**Your assignment**:
A verbatim copy is needed of the lines below from the one containing "5-рядный браслет. |" up to and including the one containing "Ik heb wel een", excluding pictures.

**Supplied information**:

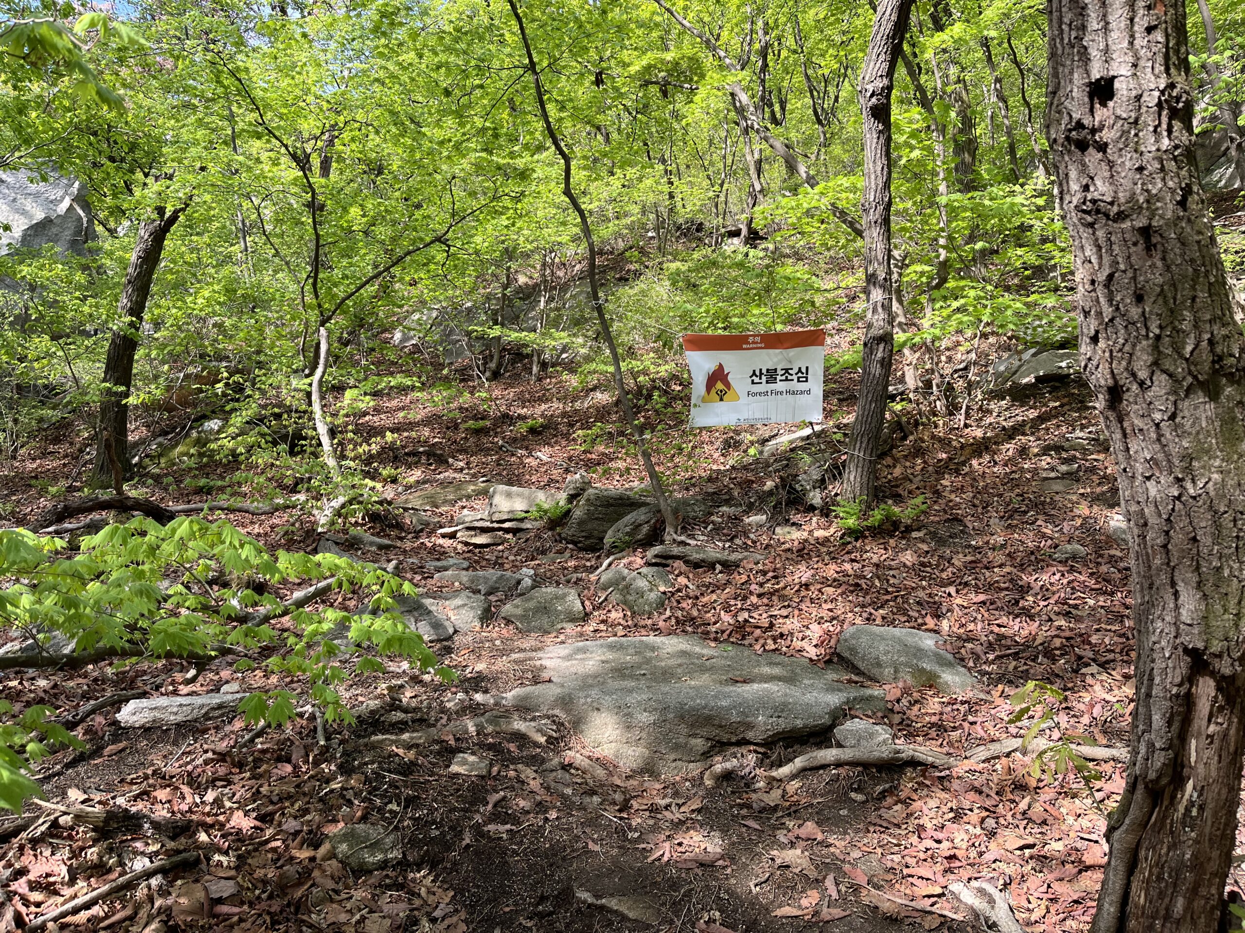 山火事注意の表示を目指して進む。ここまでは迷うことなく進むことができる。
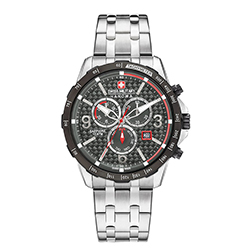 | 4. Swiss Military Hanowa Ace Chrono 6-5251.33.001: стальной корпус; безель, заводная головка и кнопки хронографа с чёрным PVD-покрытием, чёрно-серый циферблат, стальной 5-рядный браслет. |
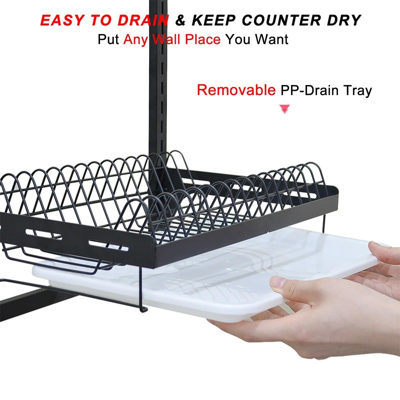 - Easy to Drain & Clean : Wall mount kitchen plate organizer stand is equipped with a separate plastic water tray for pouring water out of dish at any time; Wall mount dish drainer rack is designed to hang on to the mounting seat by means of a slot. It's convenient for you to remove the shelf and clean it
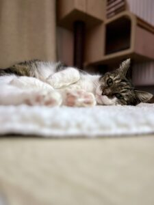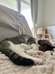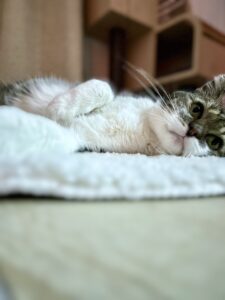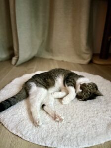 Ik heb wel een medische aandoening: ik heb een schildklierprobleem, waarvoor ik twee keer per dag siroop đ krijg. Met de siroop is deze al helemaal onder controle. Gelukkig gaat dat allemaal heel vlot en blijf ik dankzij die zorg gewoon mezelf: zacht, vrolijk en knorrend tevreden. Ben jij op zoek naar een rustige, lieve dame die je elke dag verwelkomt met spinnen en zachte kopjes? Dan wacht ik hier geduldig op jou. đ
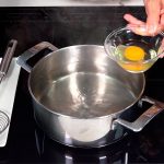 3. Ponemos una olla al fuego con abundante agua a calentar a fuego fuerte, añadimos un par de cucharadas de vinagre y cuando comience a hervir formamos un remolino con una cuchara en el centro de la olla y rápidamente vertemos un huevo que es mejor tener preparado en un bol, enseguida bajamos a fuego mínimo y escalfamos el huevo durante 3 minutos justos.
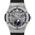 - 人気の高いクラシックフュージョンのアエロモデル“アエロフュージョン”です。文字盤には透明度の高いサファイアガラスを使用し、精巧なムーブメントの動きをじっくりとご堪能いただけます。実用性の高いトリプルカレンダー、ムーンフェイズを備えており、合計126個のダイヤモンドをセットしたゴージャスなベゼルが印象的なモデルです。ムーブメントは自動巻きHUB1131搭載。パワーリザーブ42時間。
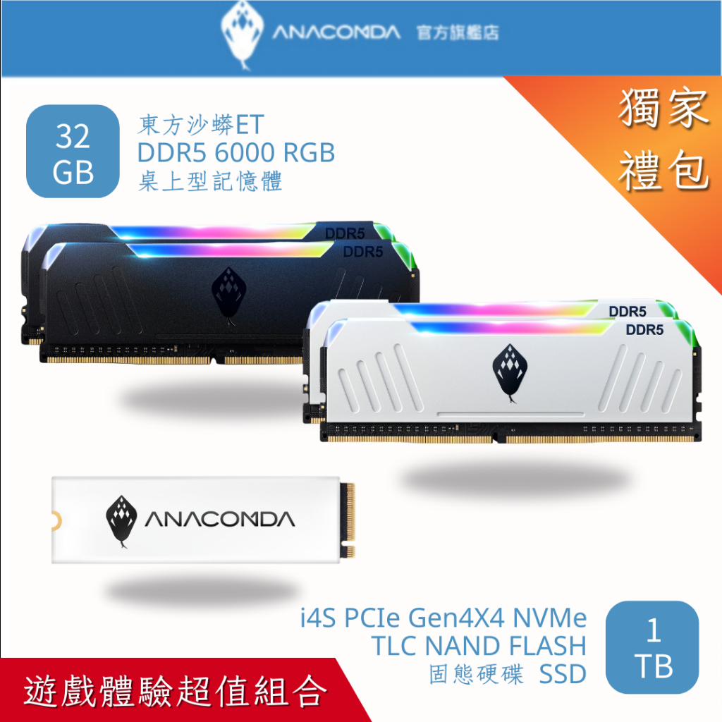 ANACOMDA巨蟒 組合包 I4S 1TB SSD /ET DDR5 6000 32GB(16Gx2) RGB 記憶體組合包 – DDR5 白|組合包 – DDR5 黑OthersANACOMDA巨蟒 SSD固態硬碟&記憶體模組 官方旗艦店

--

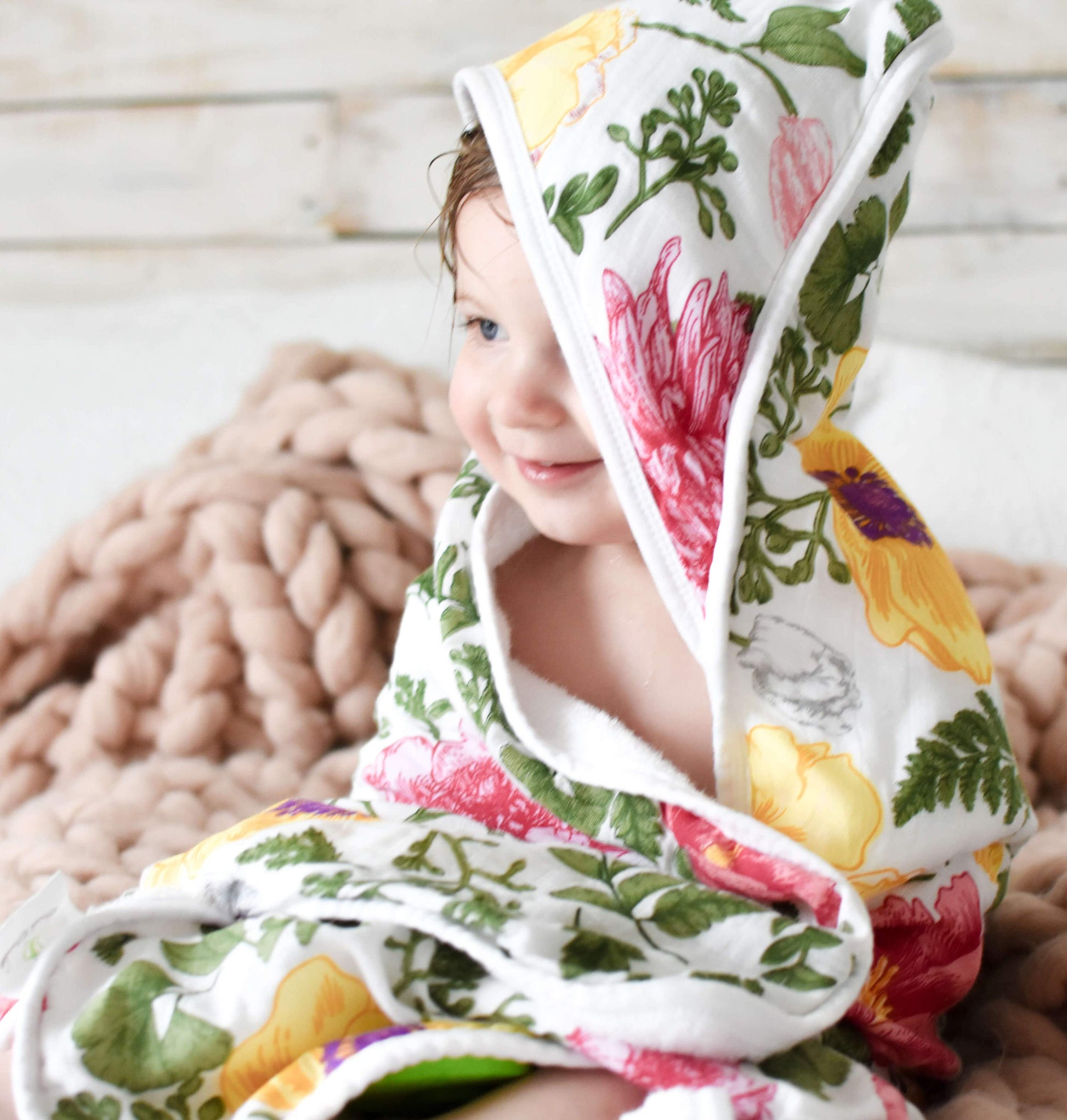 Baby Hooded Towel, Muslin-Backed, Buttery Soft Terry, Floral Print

**Answer area**:
 | 4. Swiss Military Hanowa Ace Chrono 6-5251.33.001: стальной корпус; безель, заводная головка и кнопки хронографа с чёрным PVD-покрытием, чёрно-серый циферблат, стальной 5-рядный браслет. |
 - Easy to Drain & Clean : Wall mount kitchen plate organizer stand is equipped with a separate plastic water tray for pouring water out of dish at any time; Wall mount dish drainer rack is designed to hang on to the mounting seat by means of a slot. It's convenient for you to remove the shelf and clean it
 Ik heb wel een medische aandoening: ik heb een schildklierprobleem, waarvoor ik twee keer per dag siroop đ krijg. Met de siroop is deze al helemaal onder controle. Gelukkig gaat dat allemaal heel vlot en blijf ik dankzij die zorg gewoon mezelf: zacht, vrolijk en knorrend tevreden. Ben jij op zoek naar een rustige, lieve dame die je elke dag verwelkomt met spinnen en zachte kopjes? Dan wacht ik hier geduldig op jou. đ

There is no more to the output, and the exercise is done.